I started to go, then stood there like a post: I listened to him, but saw that mama didn’t want to let me go for anything.

“Our Misha,” she said, “is still young, he’s not used to going out anywhere at night. Why do you insist on having him? It will be dark before you notice, and the thieves’ time will come.”

But here my uncle even yelled at them:

“Enough playing the fool, really! What are you stewing him in your women’s skirts for! The boy’s grown so big he can kill an ox, and you still coddle him like a baby. It’s all nothing but your female foolishness, and he’ll be the worse off for it because of you. He has to have his life forces developed and his character firmed up, and I need him because, God forbid, in the darkness or in some back street your Orel thieves may actually fall upon me or I may run into a police patrol—you see, I have all our money for the business with me … There’s enough to dump our torn deacon on the nuns and lure your mighty one to us … Can it be that you, my own sisters, are so unfamilial that you want me, your brother, to be bashed on the head or picked up by the police, and end up there with nothing?”

My mother says:

“God save us from that—families aren’t only respected in Elets! But take our clerk with you, or even two sturdy fullers. Our fullers are from Kromy, they’re terribly strong, they eat some eight pounds a day of bread alone, besides other things.”

My uncle didn’t want to.

“What good are your hired people to me?” he says. “You sisters even ought to be ashamed to say it, and I’d be ashamed and afraid to go with them. Kromy men! And you call them good people! They’d go with me and be the first to kill me, but Misha’s my nephew—with him at least it will be brave and proper.”

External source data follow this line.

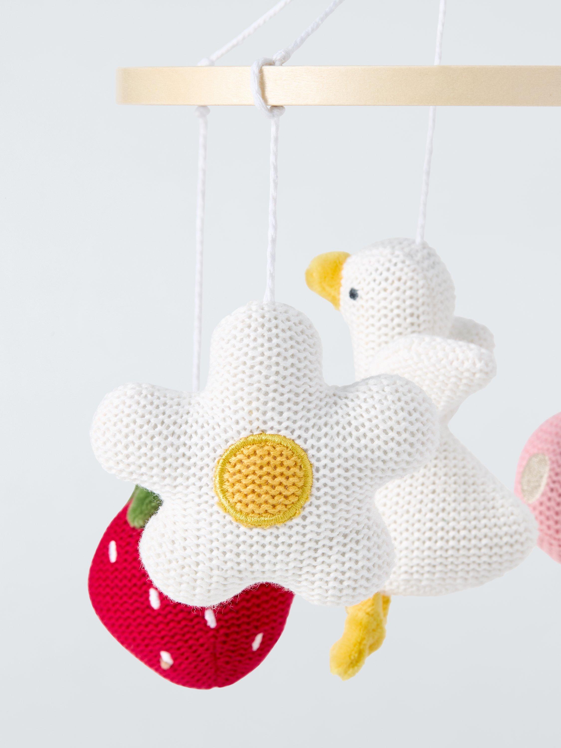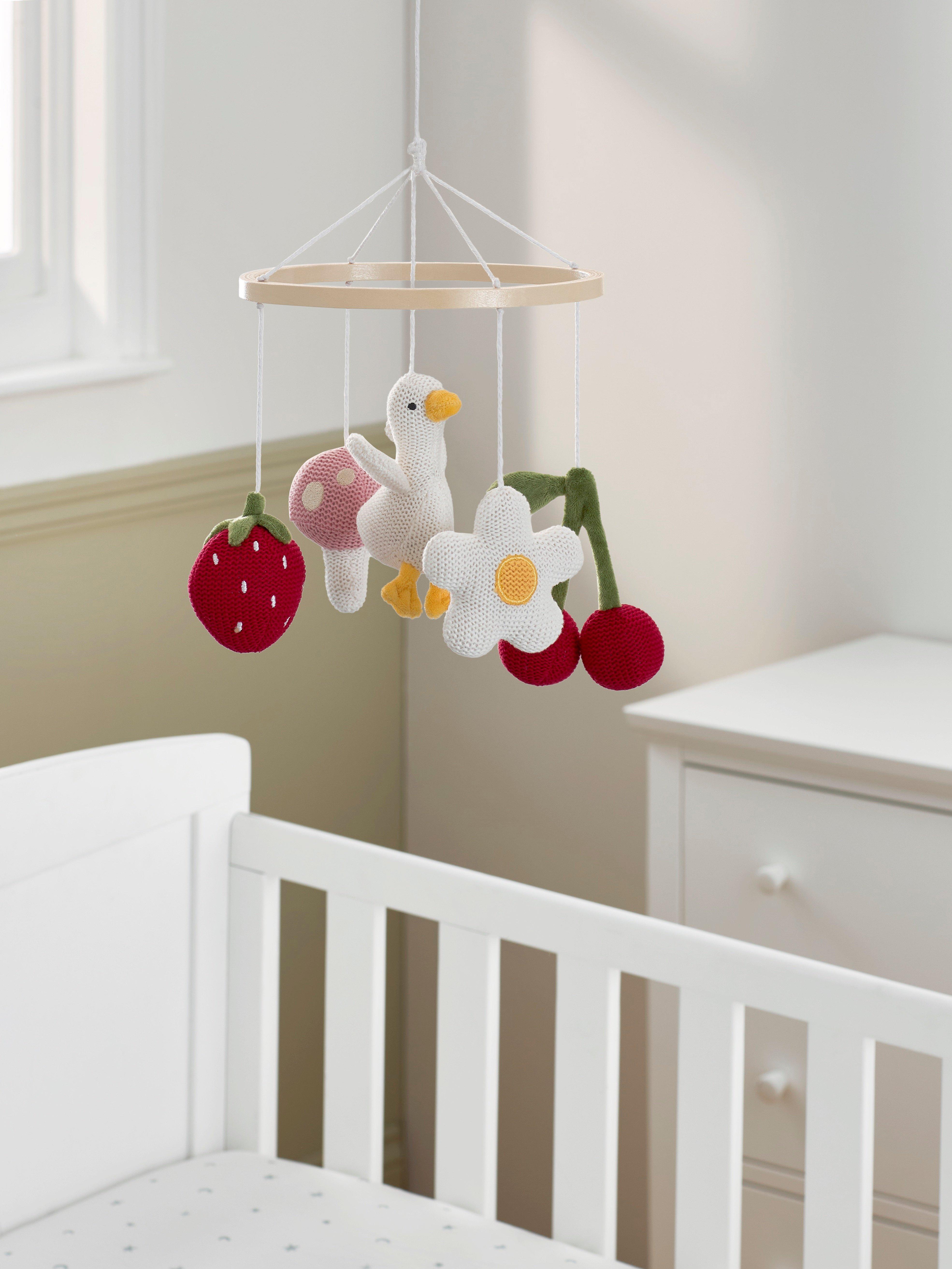 The assortment of knitted characters and motifs on our Wander Goose mobile will capture baby's attention, encouraging visual tracking and focus during quiet moments.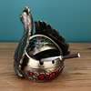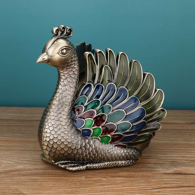 欧式家用烟灰缸创意时尚复古轻奢烟缸金属防飞灰烟灰带盖孔雀摆件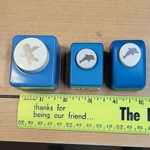 This lot of 10 Punch Art, Emagination paper punches is a great addition for any scrapbooking enthusiast. Each punch is designed with a unique theme, allowing for endless creative possibilities. The punches are all less than 1 inch in size, making them perfect for adding small details to your projects.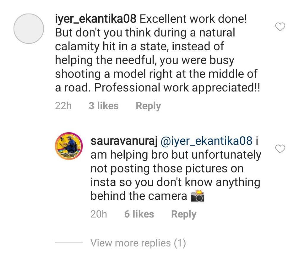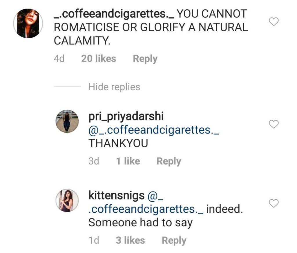 It is a very debatable discussion to get on a point if her post during a distastrous condition was right or wrong. To the ones supporting her and the photographer consider it completely creative and artistic and support them by stating the fact that they were just working. While on the other hand, people criticising them question if seeking attention was that important than helping the affected ones in the floody situations. As a revert to this, few of the supporters shouted back by saying if the ones who are extra- cautious had put any efforts themselves in helping or not?

He stood his ground and wouldn’t give way:

“You can’t possibly refuse me this,” he says. “Otherwise I renounce you as my family.”

My mother and aunt became frightened at that and exchanged glances, meaning “What on earth should we do?”

Ivan Leontych persisted:

“And understand that it’s not just a family matter! Remember, I’m not taking him for my own amusement or pleasure, but on a Church necessity. Can you refuse me that? Consider well. To refuse that is the same as refusing God. The boy’s a servant of God; God’s will is upon him: you want him to stay with you, but God just won’t let him stay.”